Il Risiko dei vaccini anti-Covid. La salute è un fattore geopolitico: anche in pandemia il mondo si muove per aree di influenza

Il governo filippino ha concesso a centinaia di operatori sanitari l’autorizzazione a trovare lavoro in Inghilterra e Germania, se questi due Paesi invieranno vaccini nelle isole.
Il Brasile ha adottato ufficialmente Astra Zeneca, ma ha chiesto aiuto anche alla Cina. La Serbia, che ha adottato il vaccino cinese, è appena sotto l’Inghilterra e la sesta a livello mondiale per numero di dosi per abitanti. L’Ucraina ha ricevuto le prime 500 mila dosi del vaccino Astra Zeneca, ma, nonostante appartenga all’Europa dove c’è una intesa che prevede solo vaccini europei e americani, ha anche fatto patti sia con la Russia che con la Cina.

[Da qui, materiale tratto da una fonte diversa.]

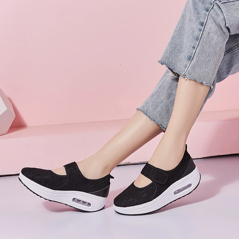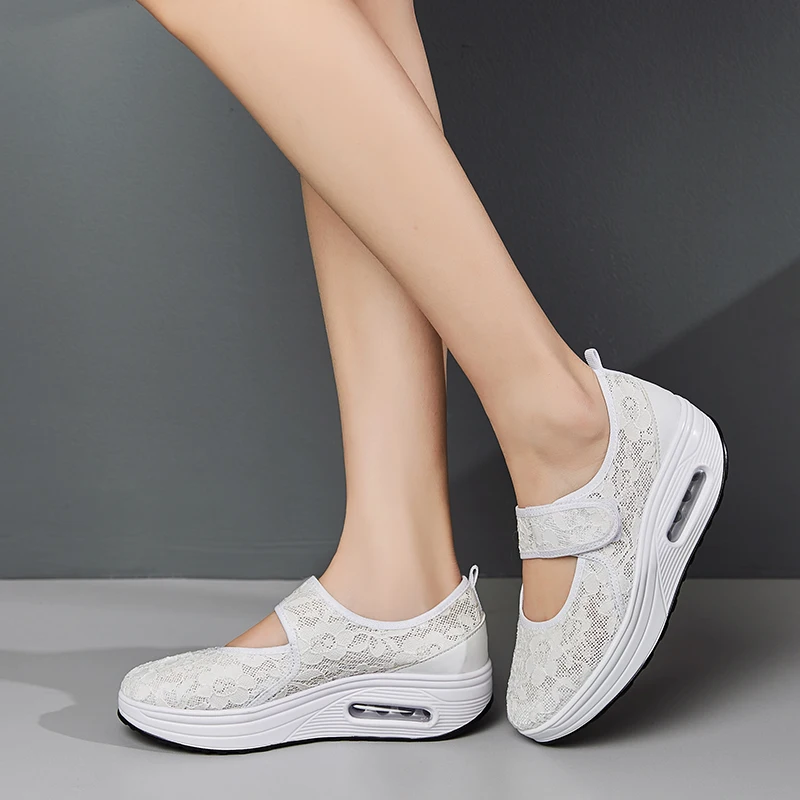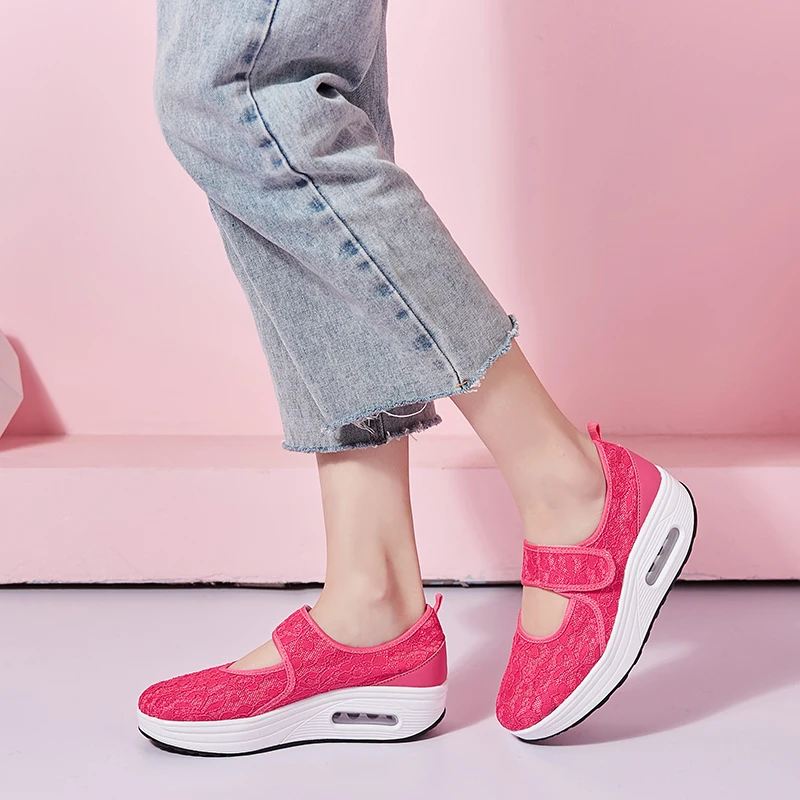 Women Toning Shoes Breathable Lace Platform Swing Shoes New Summer Hollow Ultra-light Female Hook & Loop Lazy Slimming Shoes

Nel frattempo, il 25-26 febbraio, a causa dei ritardi a cui stiamo assistendo, si è tenuto un vertice Ue per stabilire nuove strategie per l’approvvigionamento, durante il quale sono state minacciate sanzioni e divieti all’esportazione se si dovesse scoprire che quanto promesso finisce in altre regioni. Qualcuno ha accennato alla possibilità di allargare gli acquisti anche ad aziende diverse da quelle che stanno rifornendoci per ora, ma non si è andati più in là.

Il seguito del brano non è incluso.